▶ Assignment: Below are records; the lines starting at the one with "Female Birth Registration: Year: 1923" and ending at the one with "座谈会后樊丽明为全校专任教师" must be reproduced exactly, both included. Pictures must not appear.

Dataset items
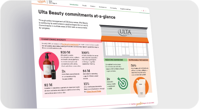 leaving a positive legacy for our world In early 2021, we announced five broad commitments to create a more inclusive world for our guests, associates, brand partners and communities. Specific goals that map to these commitments include: CHAMPIONING DIVERSITY 2x more Black-owned brands in our assortment by the end of 2021 $4 M dedicated to marketing support of Black-owned brands 15% of our shelf space devoted to Black-owned businesses, through the Fifteen Percent Pledge $2 M invested in mandatory quarterly in-store training for all store and salon associates to reinforce inclusivity and address unconscious bias $20 M allocated to media investments across endemic and multicultural platforms to create more personal connections with Latine, Black and other communities 100% of field, distribution center and corporate associates required to participate in Stronger Together Leadership Training SUSTAINABLE PACKAGING 50% of packaging sold at Ulta Beauty will be recyclable, refillable or made from recycled or bio- sourced materials by 2025 Through active management of ESG focus areas, Ulta Beauty is continuing its work to leave a positive legacy for our world. Commitments in multiple areas of ESG hold us accountable for progress. Ulta Beauty commitments at-a-glance REDUCING EMISSIONS Committed to set science- based emissions reduction targets with the Science Based Targets initiative 2x renewable energy credits commitment in 2022 Environment Product People Supplemental Data Community 2021 ESG Report 5 Introduction
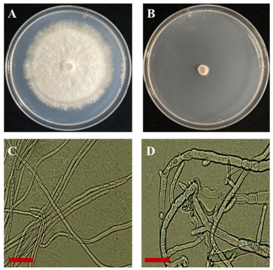 Inhibitory effect of B. subtilis PE7 VOCs on D. bryoniae. (A) Control plate with D. bryoniae only. (B) Plate showing inhibition of D. bryoniae by VOCs from B. subtilis PE7. (C) Normal hyphal structure of D. bryoniae in the control. (D) Twisted and swollen hyphal structure of D. bryoniae affected by VOCs from B. subtilis PE7 (scale bar = 25 µm).
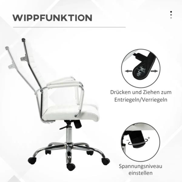 Su šia Vinsetto biuro kėde sėdėti valandų valandas tampa malonu ir patogu. Aukštas atlošas ir minkštas paminkštinimas užtikrina aukštą sėdėjimo komforto lygį. Ergonomiškos linijos suformuotos taip, kad puikiai priglustų prie nugaros. Dėl keturių universalių ratų jį galima lengvai perkelti pirmyn ir atgal. Ši biuro kėdė iš Vinsetto stebina ne tik šiuolaikišku dizainu, bet ir aukštu sėdėjimo komforto lygiu.
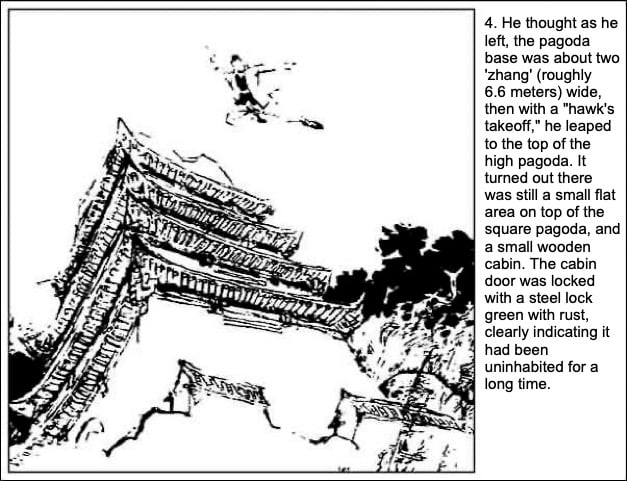 4. He thought as he left, the pagoda base was about two *zhang* (roughly 6.6 meters) wide, then with a "hawk's takeoff," he leaped to the top of the high pagoda. It turned out there was still a small flat area on top of the square pagoda, and a small wooden cabin. The cabin door was locked with a steel lock green with rust, clearly indicating it had been uninhabited for a long time.
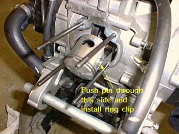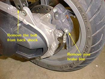Unbolt the rear shock from the transmission housing, and unbolt youor rear brake line. Be sure to remove the two bolts that hold the brake line up under the tranny cover also. Keep the brake line held above your brake fluid reservoir to prevent it from draining out.
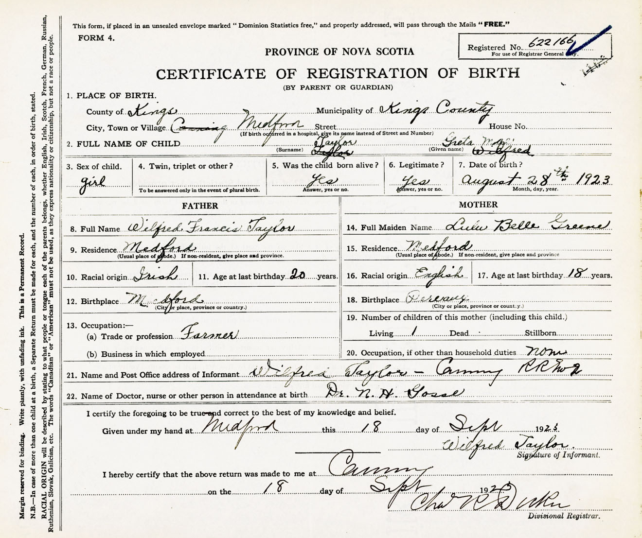 Female Birth Registration: Year: 1923 number: 62200166
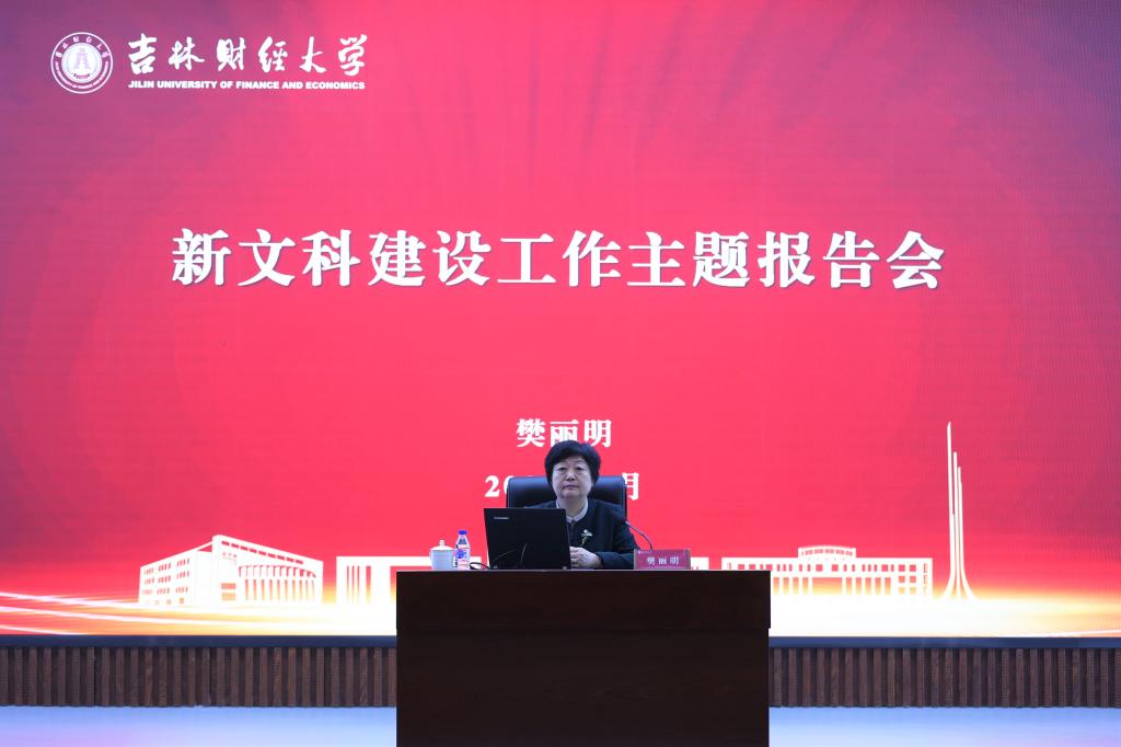 座谈会后樊丽明为全校专任教师作了题为《新文科建设的宏观态势与微观机制》的报告,她对全国新文科建设的宏观态势进行了分析,并从课程思政、专业优化、课程改革、培养模式、实践改革等五个方面,对全国新文科建设成效进行了总结。她指出,要不断完善新文科建设的机制保障,健全资源配置机制、协同共建机制、能力提升机制、考核评价机制、质量保障机制,形成学校引领、部门支持、学院协同、教师参与、学生受益的良好育人生态,激发新文科建设源源不断的内生动力,确保新文科建设举措的全面落实。
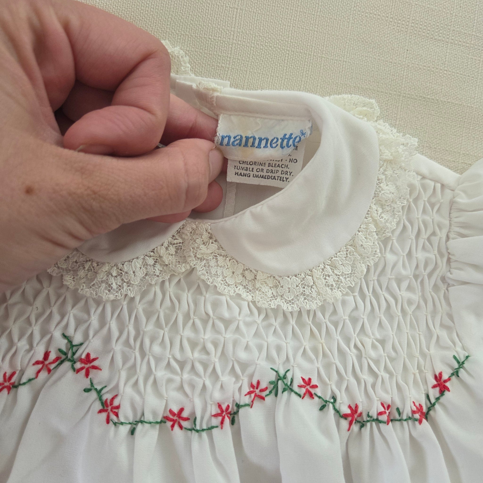 Vintage Nannette brand smocked chest white dress with red and green flower embroidery! Please see all photos for condition and measurements

▶ Answer space:
 Female Birth Registration: Year: 1923 number: 62200166
 座谈会后樊丽明为全校专任教师作了题为《新文科建设的宏观态势与微观机制》的报告,她对全国新文科建设的宏观态势进行了分析,并从课程思政、专业优化、课程改革、培养模式、实践改革等五个方面,对全国新文科建设成效进行了总结。她指出,要不断完善新文科建设的机制保障,健全资源配置机制、协同共建机制、能力提升机制、考核评价机制、质量保障机制,形成学校引领、部门支持、学院协同、教师参与、学生受益的良好育人生态,激发新文科建设源源不断的内生动力,确保新文科建设举措的全面落实。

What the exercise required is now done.